Few of Britain's pioneering post-war racing car constructors did more to establish this country's long-dominant competition car industry than Connaught Engineering of Send, Surrey. This wonderfully historic and evocative early post-war sports-racing car was the first of the pilot batch of three Connaughts built by ex-RAF pilots and engineers Rodney Clarke and Mike Oliver at their Continental Cars business located alongside the A3 road at Send. With production of these three cars they founded the marque which, in its ten-year life, scored the first all-British victory in a post-war Grand Prix and established a lasting reputation for engineering and manufacturing quality.
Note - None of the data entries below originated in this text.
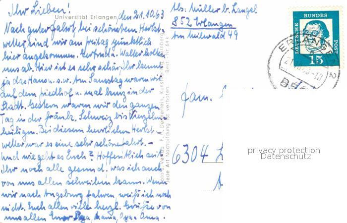 72693052 alte Postkarte ERLANGEN Bayern Schloss Hugenottenbrunnen Kunstbrunnen Platz Schlossgarten Universitaet Marktplatz Bahnhof Heilanstalt Uniklinik postalisch gelaufen Erhaltung siehe scans [FriedD77] KatCode: 11110009562000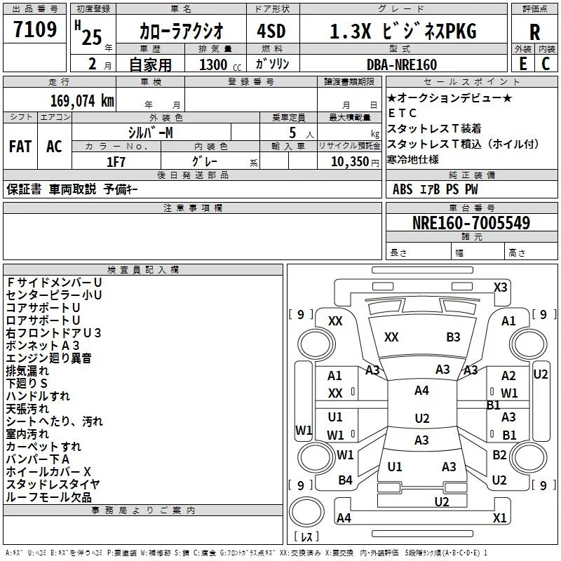 Toyota COROLLA AXIO с аукциона Японии TAA Hokkaido лот № 7109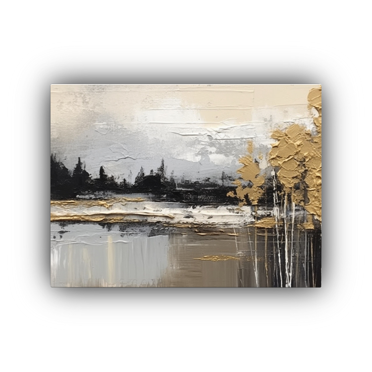 Lienzo de tela con una adorable escena de paisaje en tonos dorado y blanco sobre un elegante marco negro Perfecto para dar un toque sofisticado a tu hogar Decora con estilo y distinción con este cuadro de alta calidad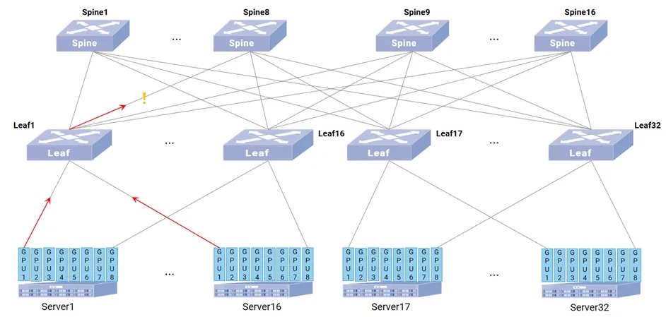 在某超千卡GPU集群的大模型训练场景中,集群依赖高性能网络实现节点间数据同步(如All Reduce操作),路径质量直接影响训练效率。IPT技术可在以下环节优化路径性能: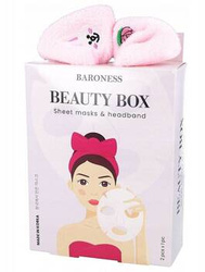 Beauty Box zestaw maseczek w płachcie z opaską kosmetyczną, Baroness, 21 g + 21 g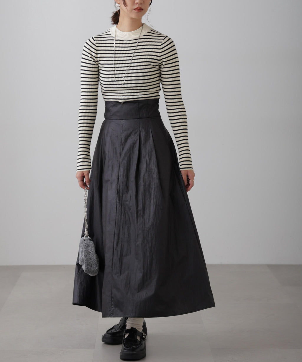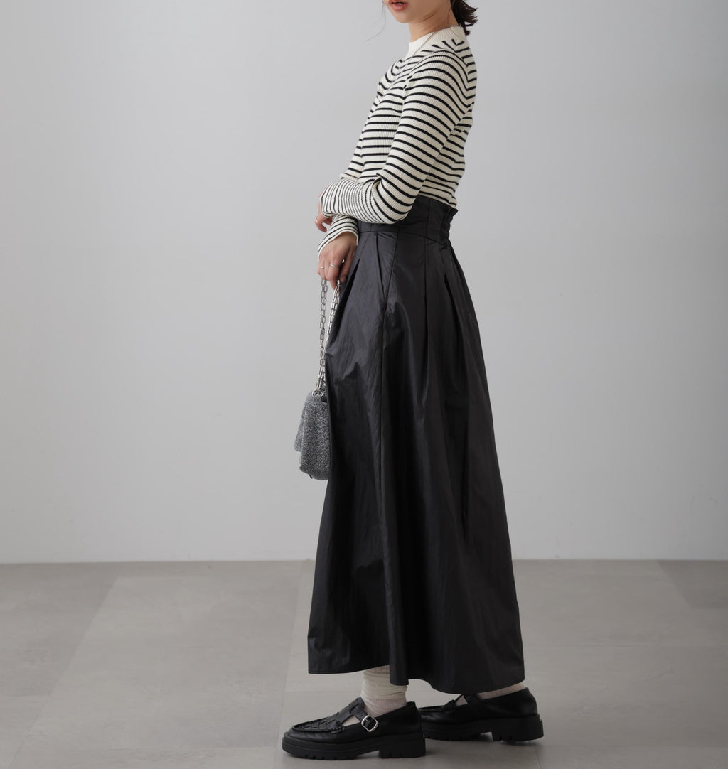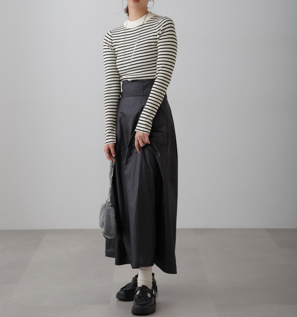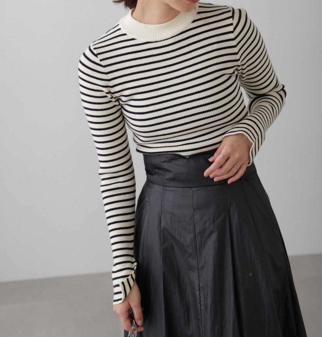 洗滌可用的機器洗滌系列。具有溫暖感的造絲/聚酯纖維/尼龍材質,特點是觸感良好的穿著感。非常適合內搭的瓶領針織衫,在合身的簡約輪廓中,袖口設有開衩以增添亮點。不僅可以單獨穿著,還可以作為外套或吊帶連衣裙等的內搭,易於搭配的日常單品。此外,由於合身的輪廓,即使塞進下身服裝中也很容易穿著。※洗滌時請選擇弱水流模式,並放入網袋中洗滌。

The L-Type Connaught such as this was built to accommodate the 1,767cc Lea Francis four-cylinder engine and this particular example was registered new to the company's prime backer, Kenneth McAlpine, in October 1948. Its sports bodywork was fashioned by Leacroft of Egham, and the engine was super-tuned with high-lift camshafts, special pistons, quadruple Amal carburettors and dry-sump lubrication to produce some 102bhp. Completely restored in recent years, 'MPH 329' offered here has a remarkable competition record embracing all manner of competition ranging from club hillclimbs to Continental Formula 2 Grand Prix events. It has been accepted by the HGPCA as a pre-1951 Grand Prix car and it competed at the 1996 Silverstone Historic Festival.
The first victory it achieved in its long career was scored by Kenneth McAlpine in its class at the Prescott hillclimb in June 1949. Two days later McAlpine finished fourth in the Miscellaneous Cars class at the Bugatti Owners' Club Silverstone race meeting. Successes followed in Clubman events and in May 1950 he took the car abroad, setting fastest lap in the Formula 2 Grand Prix des Frontieres at Chimay, before finishing fourth overall. Further Formula 2 places were achieved before McAlpine sold the car at the end of the 1951 season. After passing through various UK ownerships and appearing regularly at club level until 1970, it was then sold to Australia where it was preserved on museum display for more than a decade. The car was brought back to the UK in 1989 and offered for sale from the private collection of a great Connaught enthusiast at Brooks' Goodwood Festival of Speed Sale in June 2000, where it was purchased by its late owner. 'MPH 329' last ran on the Isle of Man in September 2002 and is offered fresh from minor bodywork refurbishment. The vehicle is accompanied by FIA papers (dated 1989), current MoT and Swansea V5.
These early Connaughts are amongst the most distinctive of all pioneering British sports-racing cars, not only for their chunky looks but also for their rugged reliability and ability to motor on in all levels of competition - both serious and informal - whether that competition takes place on the open public road, on circuit or in hillclimbing and even Historic rallying. These cars are versatile and historically super-significant, and for any Historic car enthusiast with his heart in the right place there can be no more romantic nor more gallant marque than Connaught itself. During the period in which this most important motor car was produced they stood right at the cutting edge of the specialist sports-racing car industry.